After seeing that the delay is affected by the sample size, I wonder if I can automatically adjust the sample size based on how much key is out of date. Latency is affected when more key expires, but when there is no more work to do, we scan fewer key and execute faster.

The idea is basically feasible, we can see that memory usage is lower, latency is not affected, and a metric trace sample size shows that it increases and decreases over time. However, we did not adopt this solution. This solution introduces some latency spikes that do not occur in our control instance. The code is also a bit complex, difficult to explain, and not intuitive. We also have to adjust for each undesirable cluster because we want to avoid increasing operational complexity.

Fitting between survey versions

We also want to investigate the changes between Redis versions. The new version of Redis introduces a variable called CRON_DBS_PER_CALL. This variable sets the maximum number of databases to check each time the cron is run. To test the impact of this variable, we simply commented out these lines.

/ / if (dbs_per_call > server.dbnum | | timelimit_exit)

Dbs_per_call = server.dbnum

This compares the effect between the two methods of checking all databases with restrictions and without restrictions on each run. Our benchmark results are very exciting. However, our test case has only one database, and logically, this line of code makes no difference between the modified version and the unmodified version. Variables are always set.

99.9% are in microseconds. The unmodified Redis is above and the modified Redis is below.

We began to study why commenting out this line makes such a big difference. Since this is an if statement, the first thing we suspect is branch prediction. We use

Gcc's__builtin_expect

To change the way the code is compiled. However, this has no impact on performance.

Next, we look at the generated assembly to see exactly what happened.

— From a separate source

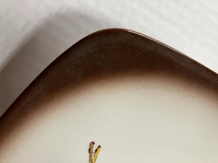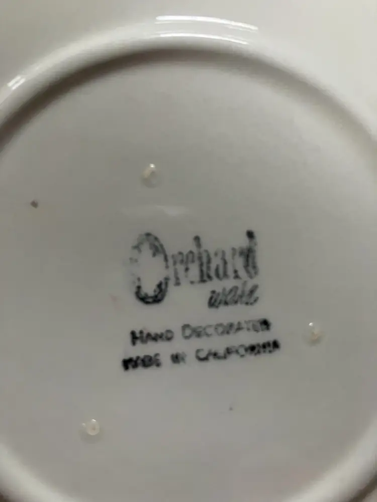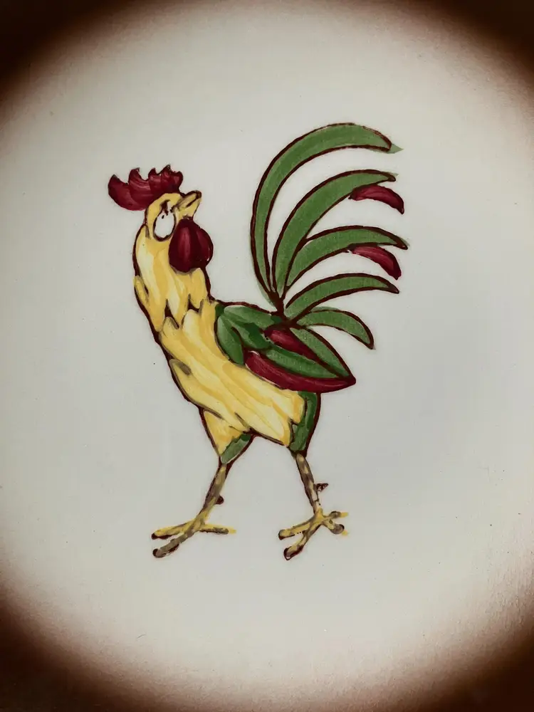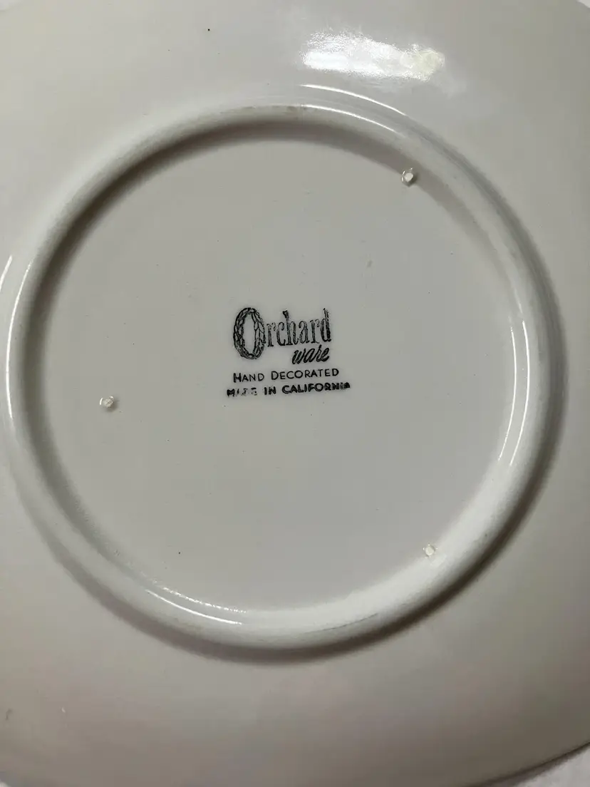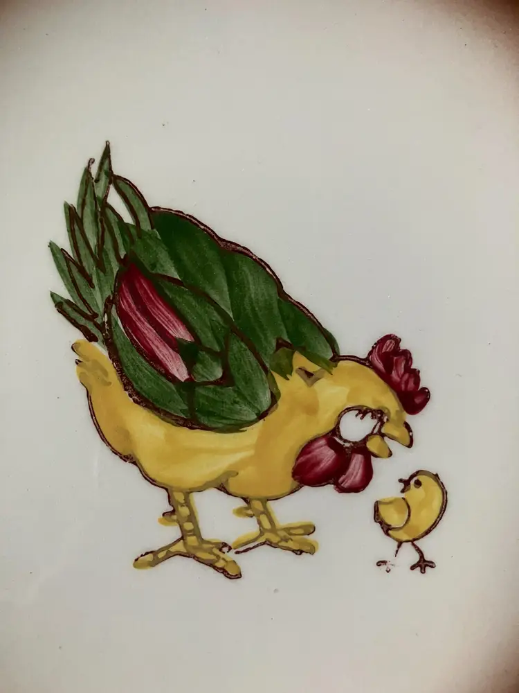This is for 3 Orchard Ware Hen and chick plates (Made in California) measuring 5.75x 5.75 inches and 1 Rooster plate measuring 7x7 inches. There is a mark on the back of one of the smaller plates. I think it is paint from when they were made.

We compiled the if statement into three important instructions: mov, cmp, and jg. Mov will load some memory into registers, cmp will compare the two registers and set another register based on the result, and jg will perform a conditional jump based on the value of the other register. The code you jump to will be the code in the if block or else block. I take out the if statement and put the compiled assembly into Redis. Then I test the effect of each instruction by commenting on different lines. I tested the mov instruction to see if there was a performance problem with loading memory or cpu cache, but found no difference. I tested the cmp instructions and found no difference. When I run the test with the included jg directive, the latency rises back to the unmodified level. After finding this, I tested whether it was just a jump or a specific jg instruction. I added the unconditional jump instruction jmp, jumped and then jumped back to the code to run without performance loss.

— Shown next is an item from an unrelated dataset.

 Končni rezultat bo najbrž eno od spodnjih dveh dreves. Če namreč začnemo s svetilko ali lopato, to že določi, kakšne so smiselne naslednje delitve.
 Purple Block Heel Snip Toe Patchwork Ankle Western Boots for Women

We spent some time looking at different performance metrics and tried some custom metrics listed in the cpu manual. We don't have any conclusions about why an instruction can cause such a performance problem. When performing jumps, we have some ideas related to instruction cache buffers and cpu behavior, but there is not enough time, and we will return to this point in the future if possible.

Resolution

Now that we have a good understanding of the cause of the problem, we need to choose a solution to the problem. Our decision is to make simple changes so that we can configure a stable sample size in the startup options. In this way, we can find a good balance between latency and memory usage. Even if the deletion of the if statement causes such a big improvement, it will be difficult for us to make a change if we can't explain why.

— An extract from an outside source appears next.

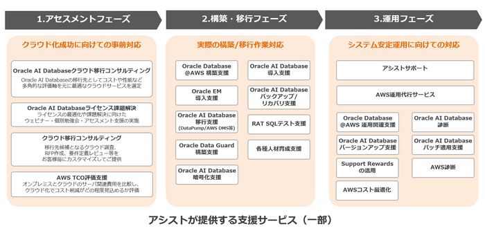今回アシストが提供開始する「Oracle Database@AWS導入支援サービス」は、「Oracle Database@AWS」のメリットを最大限活用できるように、アセスメント(ライセンスコスト試算、現状の稼働状況の確認から最適なクラウド環境の策定まで)、構築・移行(AWSへの移行方式検討からデータベースの移行まで)、運用の3つのフェーズで支援します。
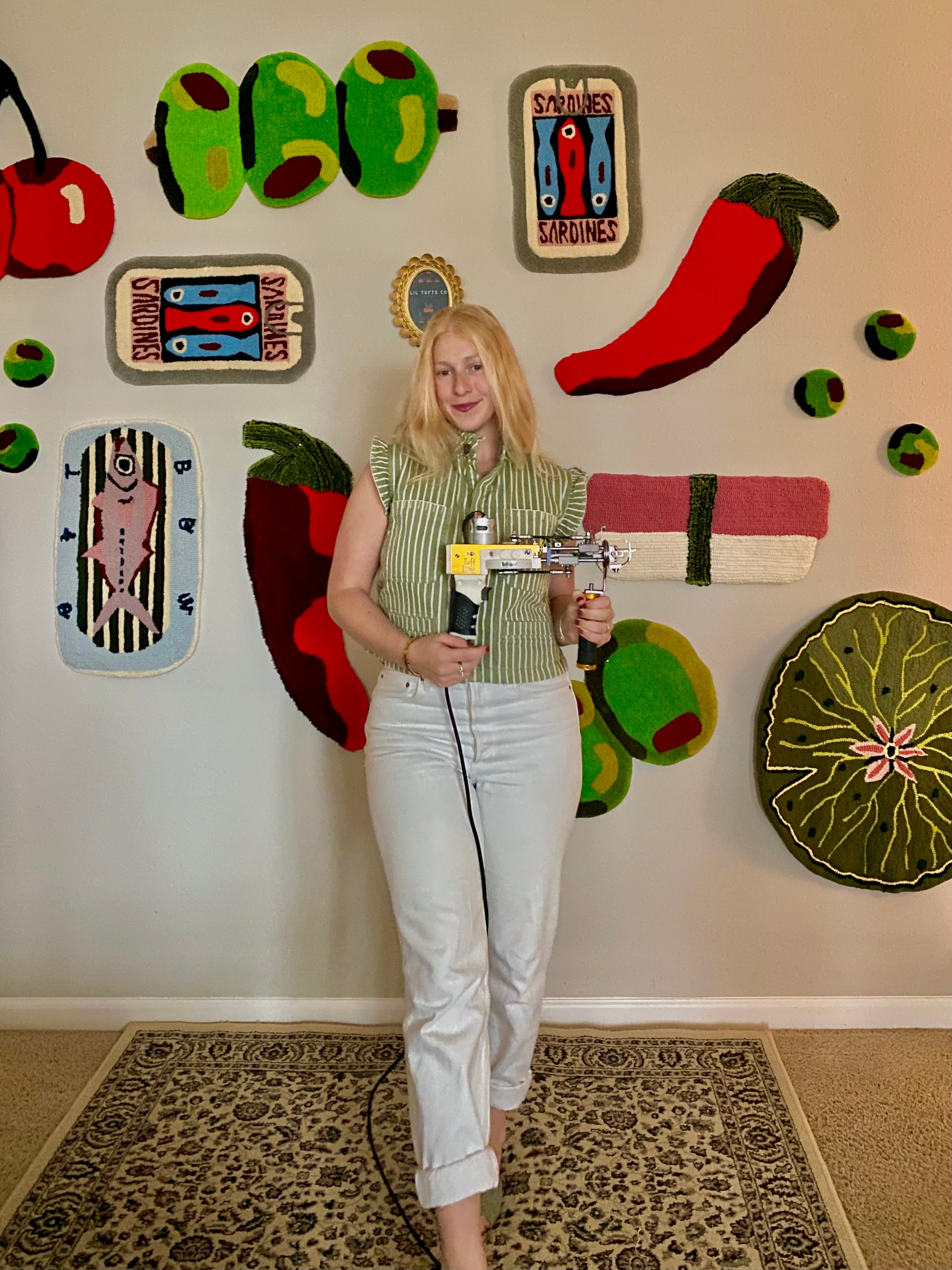 I also find influence in interior design and collaborating with customers. I tend to see objects in terms of color palettes, often thinking, "That would make a great rug" when I’m out and about.

On how to solve the expiration of key in Redis to share here, I hope the above content can be of some help to you, can learn more knowledge. If you think the article is good, you can share it for more people to see.

Welcome to subscribe "Shulou Technology Information " to get latest news, interesting things and hot topics in the IT industry, and controls the hottest and latest Internet news, technology news and IT industry trends.

*The comments in the above article only represent the author's personal views and do not represent the views and positions of this website. If you have more insights, please feel free to contribute and share.